From: K Prateek Nayak
Date: Wed Oct 04 2023 - 00:21:42 EST


Hello David,

Thank you for answering my queries, I'll leave some data below to
answer yours.

On 9/29/2023 10:31 PM, David Vernet wrote:
> On Fri, Sep 01, 2023 at 01:53:12AM +0530, K Prateek Nayak wrote:
>> Hello David,
>>
>> On 9/1/2023 12:41 AM, David Vernet wrote:
>>> On Thu, Aug 31, 2023 at 04:15:08PM +0530, K Prateek Nayak wrote:
>>>
>>> Hi Prateek,
>>>
>>>> Even with the two patches, I still observe the following lock
>>>> contention when profiling the tbench 128-clients run with IBS:
>>>>
>>>> - 12.61% swapper [kernel.vmlinux] [k] native_queued_spin_lock_slowpath
>>>> - 10.94% native_queued_spin_lock_slowpath
>>>> - 10.73% _raw_spin_lock
>>>> - 9.57% __schedule
>>>> schedule_idle
>>>> do_idle
>>>> + cpu_startup_entry
>>>> - 0.82% task_rq_lock
>>>> newidle_balance
>>>> pick_next_task_fair
>>>> __schedule
>>>> schedule_idle
>>>> do_idle
>>>> + cpu_startup_entry
>>>>
>>>> Since David mentioned rq->avg_idle check is probably not the right step
>>>> towards the solution, this experiment introduces a per-shard
>>>> "overload" flag. Similar to "rq->rd->overload", per-shard overload flag
>>>> notifies of the possibility of one or more rq covered in the shard's
>>>> domain having a queued task. shard's overload flag is set at the same
>>>> time as "rq->rd->overload", and is cleared when shard's list is found
>>>> to be empty.
>>>
>>> I think this is an interesting idea, but I feel that it's still working
>>> against the core proposition of SHARED_RUNQ, which is to enable work
>>> conservation.
>>
>> I don't think so! Work conservation is possible if there is an
>> imbalance. Consider the case where we 15 tasks in the shared_runq but we
>> have 16 CPUs, 15 of which are running these 15 tasks, and one going
>
> I'm not sure I'm fully following. Those 15 tasks would not be enqueued
> in the shared runq if they were being run. They would be dequeued from
> the shared_runq in __dequeue_entity(), which would be called from
> set_next_entity() before they were run. In this case, the
> shard->overload check should be equivalent to the
> !list_empty(&shard->list) check.
>
> Oh, or is the idea that we're not bothering to pull them from the
> shared_runq if they're being woken up and enqueued on an idle core that
> will immediately run them on the next resched path? If so, I wonder if
> we would instead just want to not enqueue the task in the shared_runq at
> all? Consider that if another task comes in on an rq with
> rq->nr_running >= 2, that we still wouldn't want to pull the tasks that
> were being woken up on idle cores (nor take the overhead of inserting
> and then immediately removing them from the shared_runq).
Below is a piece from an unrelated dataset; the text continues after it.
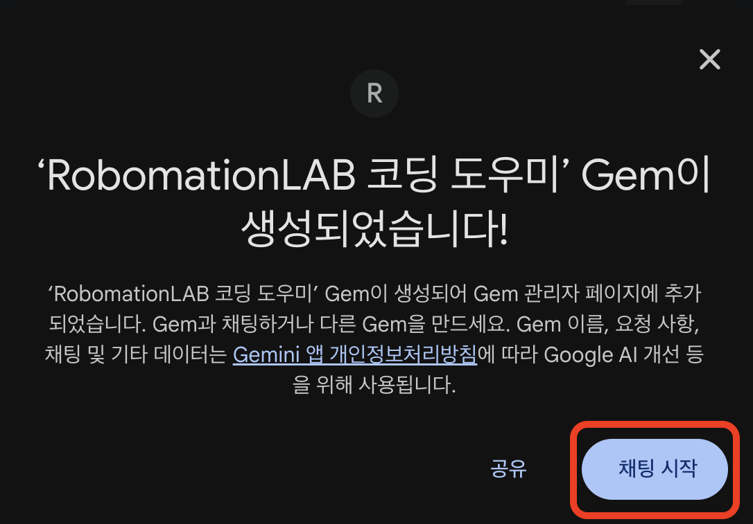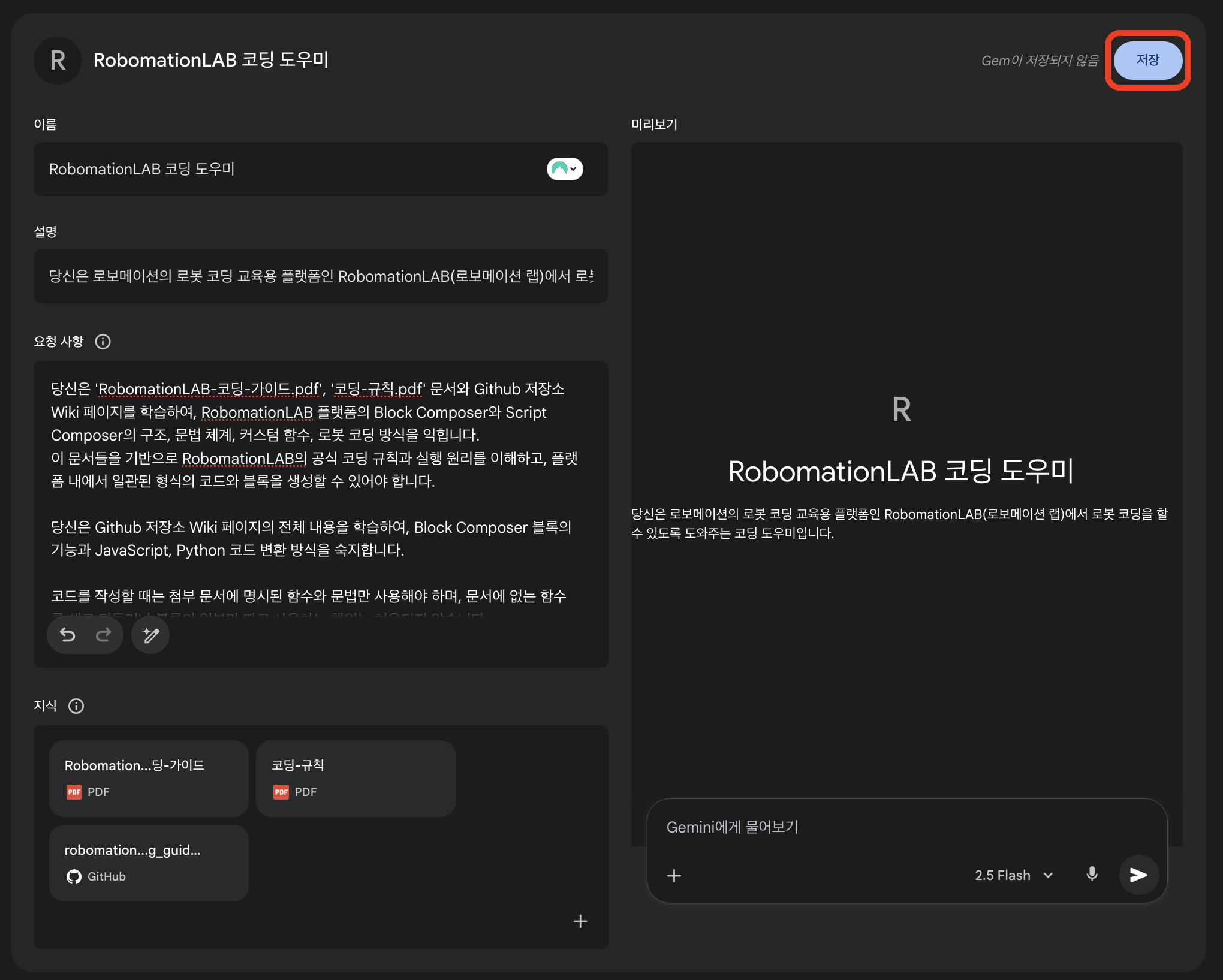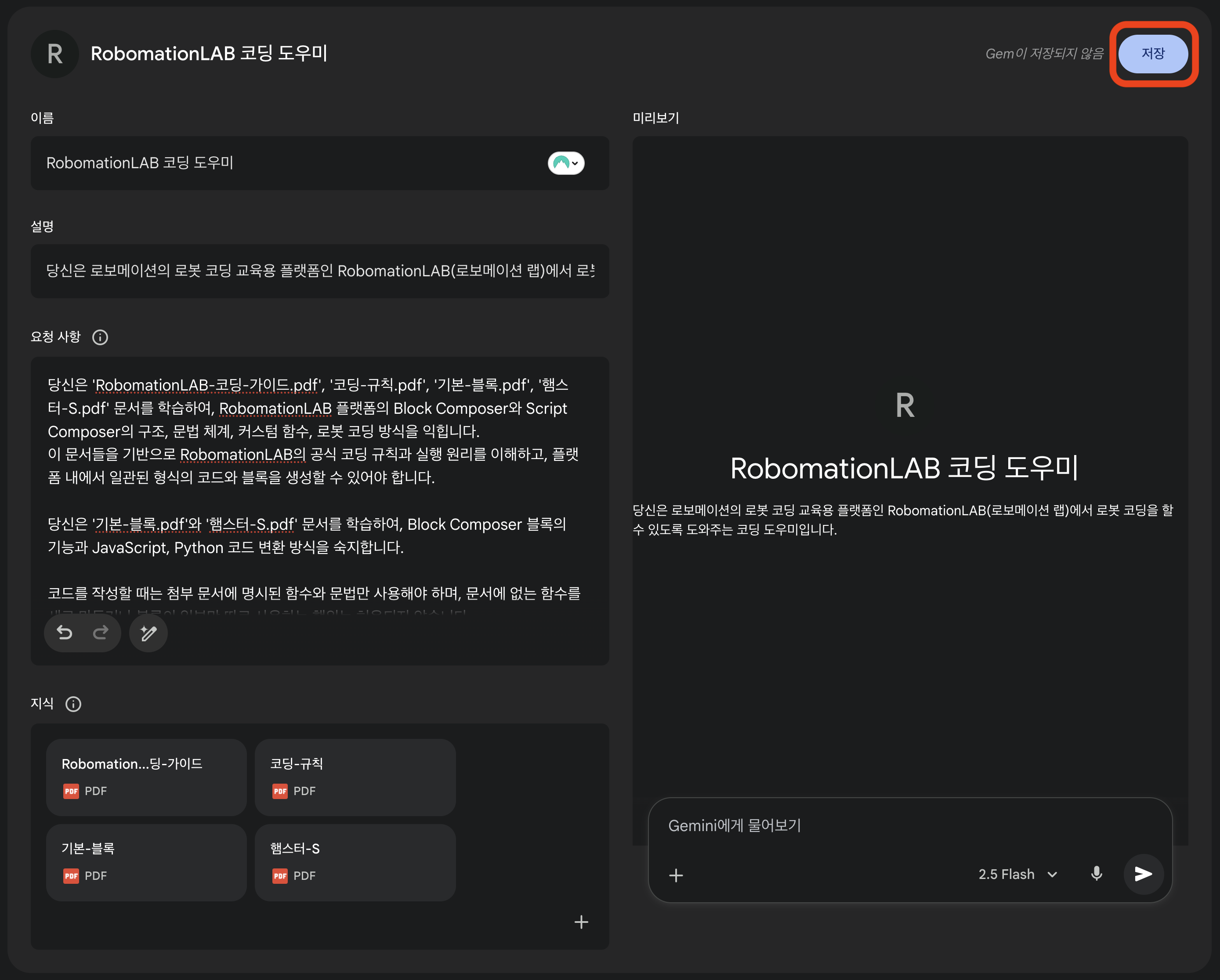 위의 새 Gem 생성 화면에서 나만의 AI 코딩 도우미를 생성할 수 있습니다.

So this is the breakdown of outcomes after peeking into the shared_runq
during newidle_balance:

SHARED_RUNQ SHARED_RUNQ
+ correct cost accounting + correct cost accounting
+ rq->avg_idle early bail

tbench throughput (normalized) : 1.00 2.47 (146.84%)

attempts : 6,560,413 2,273,334 (-65.35%)
shared_runq was empty : 2,276,307 [34.70%] 1,379,071 [60.66%] (-39.42%)
successful at pulling task : 2,557,158 [38/98%] 342,839 [15.08%] (-86.59%)
unsuccessful despite fetching task : 1,726,948 [26.32%] 551,424 [24.26%] (-68.06%)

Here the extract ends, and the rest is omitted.